今週の読書録
さんかく
今年の直木賞受賞者として今注目を集める作家のひとり、千早茜さんの作品です。
3人の主人公視点でロンドのように繋がっていく短編。
「食の趣味が合うから」という理由でルームシェアを始めた学生時代のバイト仲間の男女。
それぞれパートナーは別におり、男性主人公の彼女が3人目の主人公。
時々一緒に食事をしていた10年以上前のバイト仲間が、ただそれだけだった二人はある日酔いつぶれた相手を介抱する流れで一緒に住むことになる。
人としては好きでも男女の情はない二人。
しかし、周りから見れば独身の男女が一緒に住んでいるというだけで、色々と想像されるもの。
当然、男性の彼女もモヤモヤし、関係がこじれる。
京都の古民家を中心に紡がれる食と男女の恋愛のもつれ。
自宅で土鍋で炊くご飯、小料理屋の季節のお惣菜、地元で人気のベーカリーのパン。
美味しいものの描写はモデル店舗をうかがいたくなるくらいで、空腹時の読書は厳禁。
絡まった関係がやがてほどけていった先でたどり着く結末は…
環境が変わる春に読みたい一冊です。
とりあえずお湯わかせ
人気作家・柚木麻子さんのエッセイ集は、感染症拡大時に初めての出産育児に奮闘する姿と日常を切り取った作品。
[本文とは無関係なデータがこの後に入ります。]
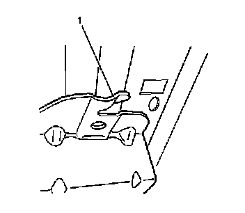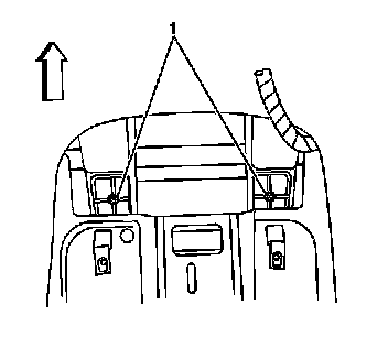 1. Carefully install the bracket to the vehicle through the headliner opening, ensuring the locating tabs (1) are fully seated to the roof bow.
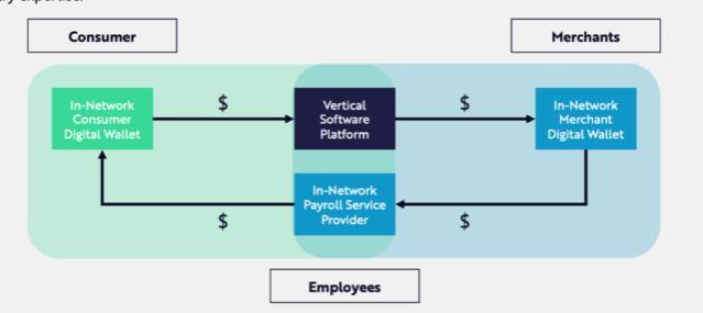 Ark认为,双边市场能够在消费者和商家之间关闭金融循环,闭环支付生态系统通过三种方式内部转账来实现:从消费者到商家、从商家到员工、以及从员工(同时也是消费者)到商家。为了构建这些支付生态系统,平台必须具备:1)大型且参与度高的双边网络,2)对商家运营和财务的端到端可见性,以及3)垂直行业专长。

柚木さんといえば美味しい作品とシスターフッド関連が人気。
連載していたエッセイをまとめ、章の終わりには書下ろしも加えられているので、柚木さんの当時の心の在り方をリアルに感じることができます。
なるほど、柚木さんの美味しい作品が妙に臨場感あるのは、彼女特有の才能らしい。
友人との会話の中で、柚木さんの商品紹介する姿は実際にYouTubeで拝見したいと思わせる内容でした。
尚、赫々たれ
昨年の秋冬に評論家の方々が次々に取り上げていた作品です。
晩年の立花宗茂を主人公として、徳川家康を敬愛する三代将軍・徳川家光が関ヶ原の舞台裏を聞かせてほしいと依頼するところから始まります。
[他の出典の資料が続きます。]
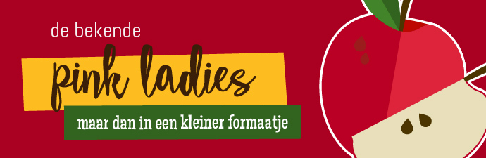 De Pink Lady appel is ontstaan uit een kruising tussen Cripps Pink, Rosy Glow of Sekzie. Het is 's werelds bekendste merknaam in appels. Deze appel is herkenbaar aan haar ranke vorm en haar, bijne egale, dieproze kleur. Deze maat S appeltjes zijn een sortering kleiner dan de premium. Formaatje broodtrommel. Of schoolappels. Goede appels voor een klein prijsje!

戦国時代を生き抜いた往年の武将、千姫と家光兄弟らが登場し、意識は戦国時代の最後の輝きを追うように思いを巡らせます。
関ヶ原の敗将で唯一旧領を回復したといわれる名将・立花宗茂が語る過ぎ去りし日の思い。
豊臣家へ嫁いだ千姫の思いと徳川を継ぐ家光の心のうち。
見えそうで見えない各々の心の中に思いを巡らせる作品です。